June 19, 2026

The missing balance

Sindh’s Teaching Licence Programme seeks to raise classroom standards through licensing and assessments. But the article questions how it fits with existing BEd/MEd qualifications and recruitment exams.

Ali Gul Leghari

Ali Gul Leghari

June 19, 2026

The missing balance

A policy with potential, but which could go horribly wrong

The quest to improve educational quality in Sindh has produced numerous reforms over the past two decades. Governments, policymakers, development partners and education experts have sought solutions to address weak learning outcomes, low literacy rates and concerns regarding teaching standards in public schools. Among the latest initiatives is the Teaching Licence Programme, a reform spearheaded by the Sindh Teacher Education Development Authority with the stated objective of professionalising the teaching profession and ensuring that educators possess the knowledge and competencies required for effective classroom instruction.

At first glance, the initiative appears both reasonable and timely. Across many countries, teaching is regarded as a licensed profession like law, medicine and engineering. Professional licensing frameworks are designed to establish minimum standards, strengthen accountability and promote continuous professional development.

Therefore, introducing teaching licences in Sindh reflects a genuine effort to elevate the status of teachers and improve educational outcomes. Under the proposed framework, teachers are to qualify through assessments covering subject knowledge, pedagogical knowledge and teaching demonstrations, with separate licence categories for primary, elementary and secondary education. The licence is expected to play an increasingly important role in recruitment, promotions and professional advancement. Advocates argue it will encourage teachers to continuously improve their skills and ensure only competent educators in classrooms.

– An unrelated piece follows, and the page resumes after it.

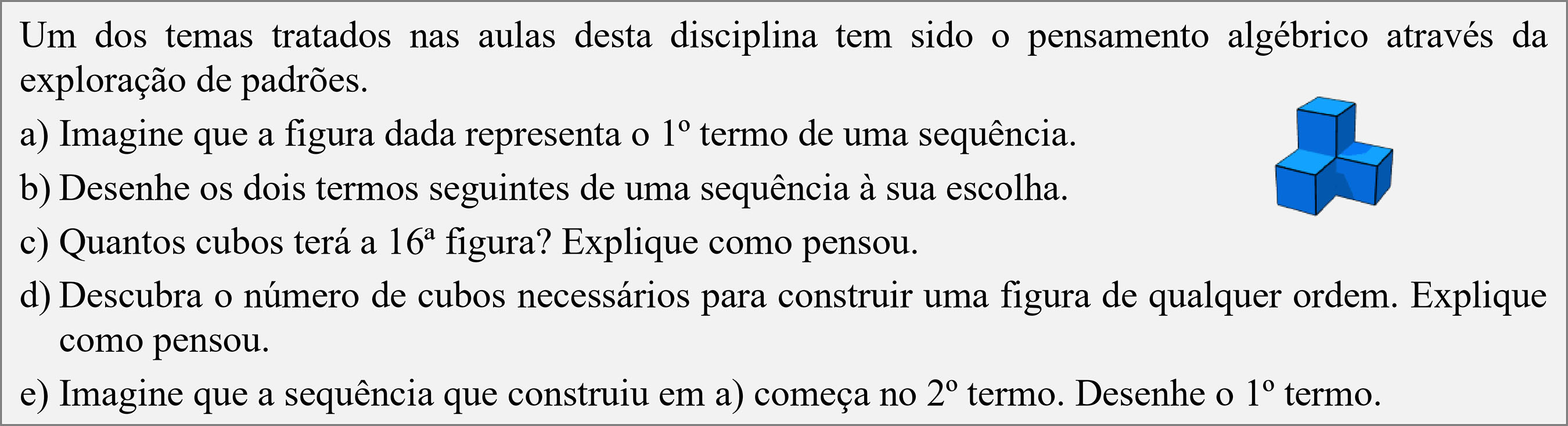 Esta sequência não pode ser considerada correta, já que não evidencia um padrão figurativo completamente definido. Contudo, as questões posteriores foram consideradas e a estudante obteve sucesso na sua resolução. Infere-se que a estudante teve dificuldade em visualizar uma construção a partir do modelo dado, mas demonstrou flexibilidade de pensamento ao apresentar uma alternativa. Ainda assim, a configuração inicialmente fornecida é crucial para a obtenção do pedido que consistia em partir de uma estrutura previamente definida. A sequência estaria correta se, em vez de fornecer a imagem do 1º termo, fizesse o seguinte pedido: Construa uma sequência figurativa com cubos, cujo primeiro termo seja formado por 4 cubos.

The teaching profession has often been overlooked in discussions on educational reform. Any effort aimed at strengthening professionalism should therefore be welcomed. However, good intentions alone do not guarantee good policy. The effectiveness of any reform depends upon its design, implementation and its ability to address realities without creating new problems.

One of the most fundamental questions concerns the relationship between teaching licences and existing professional qualifications such as BEd and MEd degrees. For decades, these qualifications have served as the recognised professional pathway. Their curricula are specifically designed around educational psychology, curriculum studies, classroom management, lesson planning, teaching methodologies, assessment practices, educational leadership and school administration.

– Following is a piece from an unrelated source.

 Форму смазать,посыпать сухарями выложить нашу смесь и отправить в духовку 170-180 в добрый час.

If teaching licences are now being introduced as the primary indicator of professional competence, then policymakers must clearly explain the future role of BEd and MEd qualifications. If the licence examination evaluates the same pedagogical knowledge already taught through these programmes, many teachers may reasonably ask whether professional teaching degrees are gradually being reduced to mere eligibility requirements rather than meaningful professional credentials.

The question becomes even more complicated for aspiring teachers. For many years, recruitment has been based on competitive examinations conducted through independent third-party testing agencies. Candidates invest months preparing, compete against thousands of applicants and secure appointments purely on merit after successfully passing rigorous screening processes.

If a candidate has already completed a BEd or MEd degree, successfully passed a competitive recruitment examination and secured appointment as a teacher, why should the same individual have to pass another examination to establish teaching competence? Does this not make a teacher pass two separate professional tests to enter or progress within the profession? This concern raises a legitimate policy question regarding duplication.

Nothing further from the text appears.